» **Task**:
Print exactly the lines from the one that contains "в Кызыле купить" through the final line of the entries below, both included, and nothing else; omit the pictures.
───── Provided information ─────
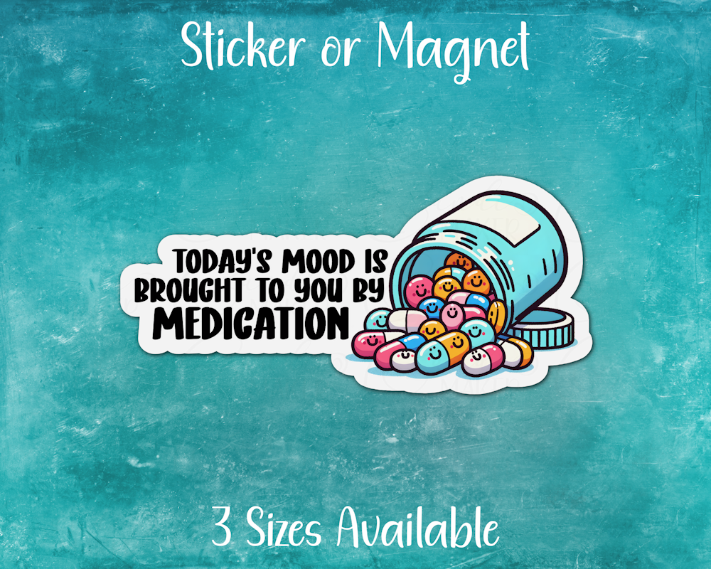 Funny Medication Sticker or Magnet | Today's Mood is Brought to You by Medication
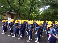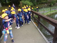 道路の歩き方も学びながら牡丹園探検に行ってきました。牡丹園では様々な植物を観察したり、鯉やトンボなどの生き物と触れ合ったりすることもできました。帰りは雨が降ってしまったので傘をさしながらとなりましたが、無事学校へ帰ってきました。
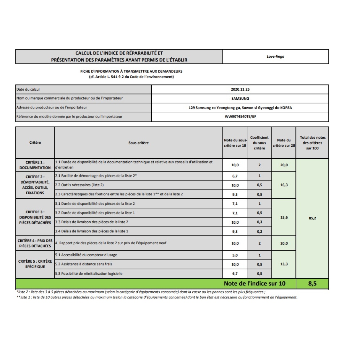 Description – Lave-linge – Samsung – Lave-linge frontal 60cm 9kg 1400 tours/min – ww90t4540te – SAMSUNG
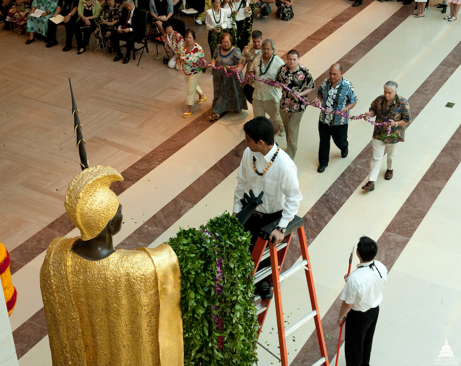 夏威夷州捐赠的雕像是整个国家雕塑大厅中最大的一座雕像。其刻画的人物是夏威夷王国的开创者——卡美哈梅哈一世(Kamehameha I),又称为卡美哈梅哈大帝。
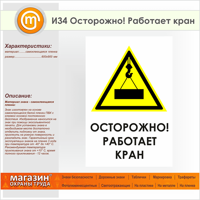 Знак «Осторожно! Работает кран», И34 (пленка, 600х900 мм) в Кызыле купить
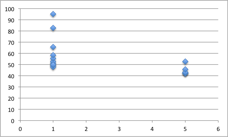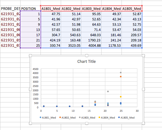 在Excel中比较容易。只需选择position列和其他列,然后单击Insert >散点图
─────
» **Output**:
 Знак «Осторожно! Работает кран», И34 (пленка, 600х900 мм) в Кызыле купить
 在Excel中比较容易。只需选择position列和其他列,然后单击Insert >散点图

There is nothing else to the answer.